Bioelectrical impedance analysis (BIA) is a frequently used method for estimating body composition based on a 2-component model (2C). It measures “impedance”, the opposition to a small electrical current as it travels through the body’s water pool. Impedance comprises both resistance and reactance:
The small electrical current is passed through the body from conductive surfaces or electrodes. Conductivity is higher through fat free mass (which includes muscle, bone and water) than through fat mass which contains very little water. Different body components have varying levels of impedance in response to different frequencies of the electrical current.
Output is commonly provided in the form of an impedance value (expressed in the unit Ohms, Ω; approximate range between 150Ω - 900Ω). Interpretation of the impedance value varies by BIA instrument type. For single frequency BIA, the impedance value is interpreted as resistance (R). For multi-frequency BIA and bioelectrical impedance spectroscopy, two values are provided, one for resistance (R), and one for reactance (Xc).

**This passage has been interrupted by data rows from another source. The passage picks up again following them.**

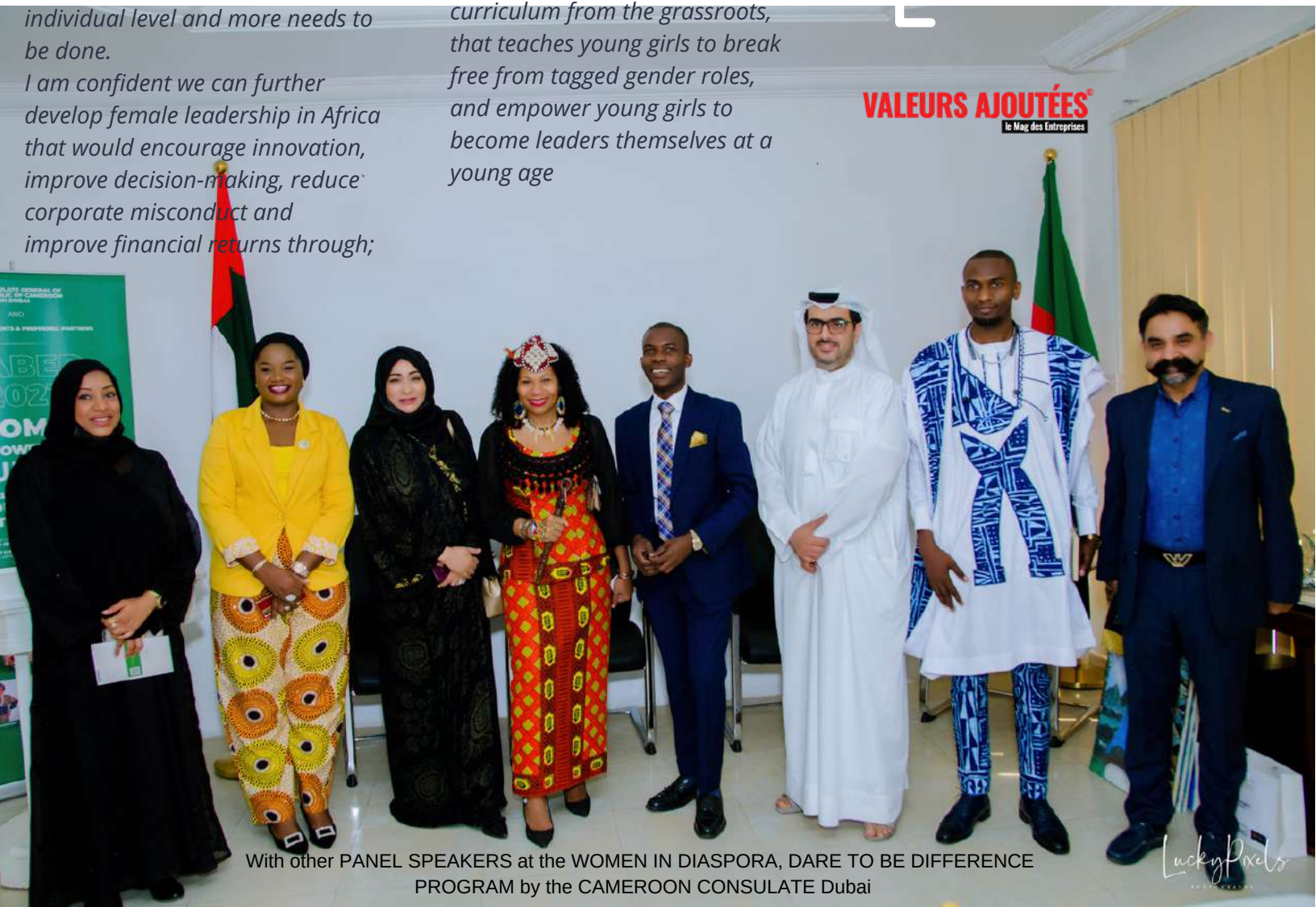
With other PANEL SPEAKERS at the WOMEN IN DIASPORA, DARE TO BE DIFFERENCE PROGRAM by the CAMEROON CONSULATE Dubai

There should be clear timelines drawn for work and personal/family life. The two should not overlap. Most importantly, women should learn how to say NO when necessary.
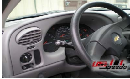
1. Before you start mark on the diagram each needle position with the key off.
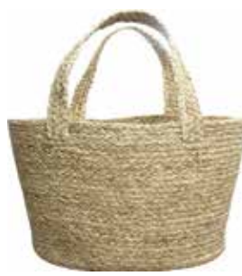
HSPS026 Corn Leaf Eco Shopper Sewing
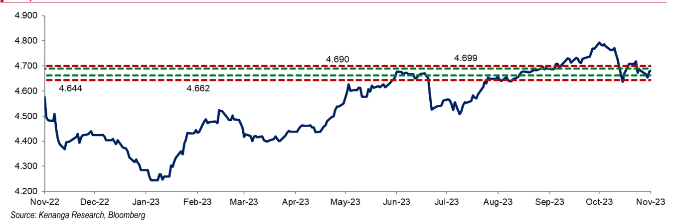
Graph 2: Weekly Performance of Core Pairs
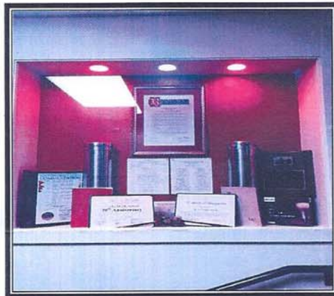
Taylor Middle School's 75 th Memorabilia and Time Capsule Showcase Located at Taylor Middle School/A-Wing Hall (Across from front office)

Your donation of $350 supported our efforts in holding historical records and objects representing the current culture of Taylor Middle School for preservation until discovery at a future time period. We are honored to celebrate Taylor Middle School and its history of success. Your generous donation will live in history as we celebrate this monumental anniversary.
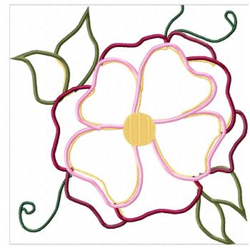
Name: BOM Floral Splendor 2021 -5 File: HSCQT186-5c.pes Stitches: 26578 Colors: 9/43 Size: 198.1x198.6 mm Stops: 42

The impedance value is related to the volume of a conductor (the overall body size) and the square of the length of the conductor (a distance which is a function of the height of the participant). The volume of the body can be estimated from the ratio of its length/height squared divided by the resistance (H2/R, also known as the impedance index), where H is the height of the participant and R the resistance.
The impedance index is related to the volume of body water and typically used to estimate fat free mass (FFM), assuming that 73% of the body’s FFM is water. BIA is used to assess the dimensions shown in Table 1, depending upon the type of instrumentation used. The types of BIA instrument are described in more detail in the section below.
Table 1 Anthropometric dimensions which can be assessed according to BIA instrument type.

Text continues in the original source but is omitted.